There is no amount of time to wait until a bitcoin transaction is considered
dead. Once its been communicated over the network, one has to assume it can be
redeemed (incorporated into the blockchain) anywhere from never to a thousand
years from now. Checking for txid even without malleable transactions is not
helpful.

If a bitcoin payment has been issued, and a customer wishes it to be re-
issued, the (only?) safe approach is to move the entire address contents to a
new address, wait for that to hit the blockchain, and reissue the payment from
the new address.

When different customer's balances are mixed in the same address, things get
more difficult, and seeing as how its customary to pull balances from multiple
addresses to satisfy the inputs a single transaction, I think mtgox has a
claim to complexity beyond their ability to fix without help from the protocol
itself.

As far as being affected by malleable transactions, an exchange should have a
value on their 'books' for each customer and a value in the 'bank'/wallet for
each customer.

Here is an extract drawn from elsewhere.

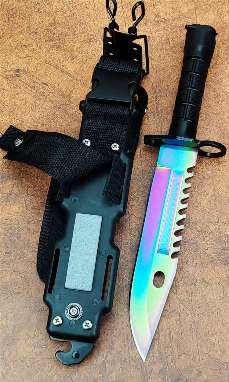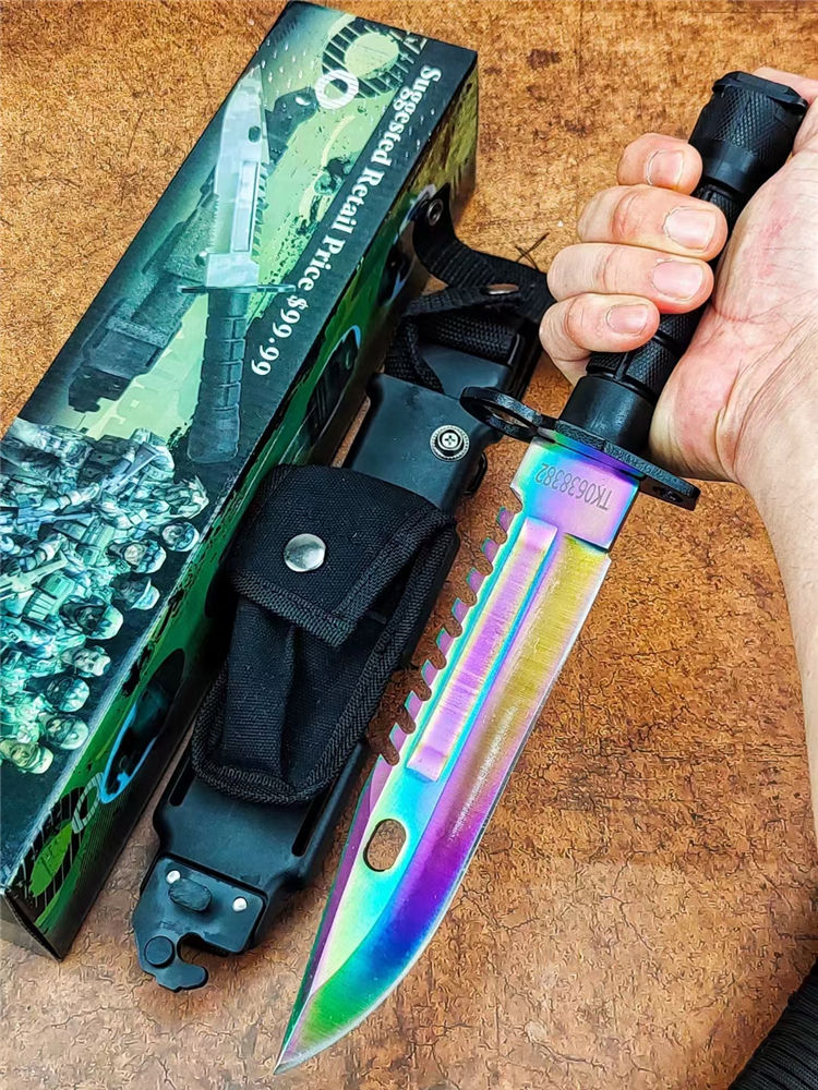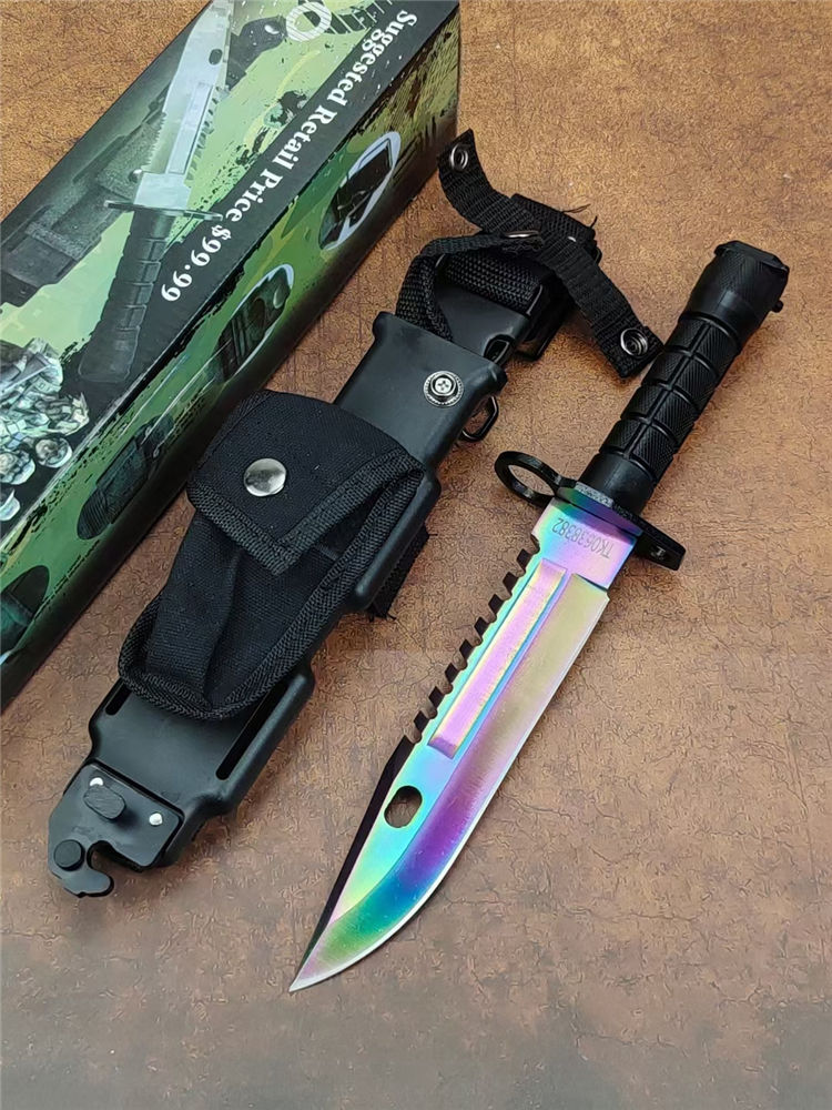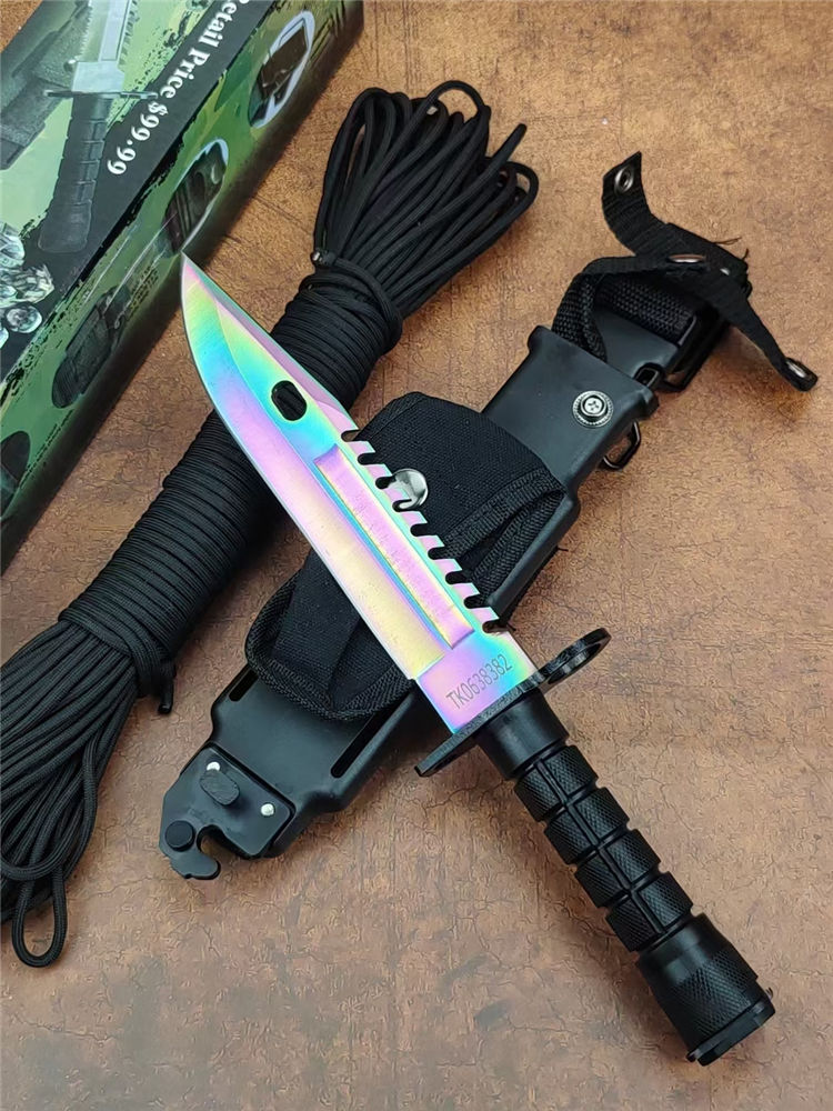 彩钛版D80纪念刀 全长:325mm 刃长:175mm 柄长:128mm 刃宽:40mm 刃厚:5.8mm 刃材:7Cr14Mov高碳军用特种钢 刀重:306g/590含鞘 硬度:58HRC 表面:彩钛 柄材:高级工程ABS+铸件 结构:一体龙骨 包装:D80K鞘带磨刀石

By keeping track of each set of addresses for each customer,
like bitcoind does in its wallet, the two can be audited with each new block
on the chain.

------
joosters
How on earth can this 'fix' scale?

Let's imagine a future world where all monetary transactions go through
Bitcoin. So the only way for me to find out if my transaction took place is to
search the list of _every_ worldly transaction to spot mine?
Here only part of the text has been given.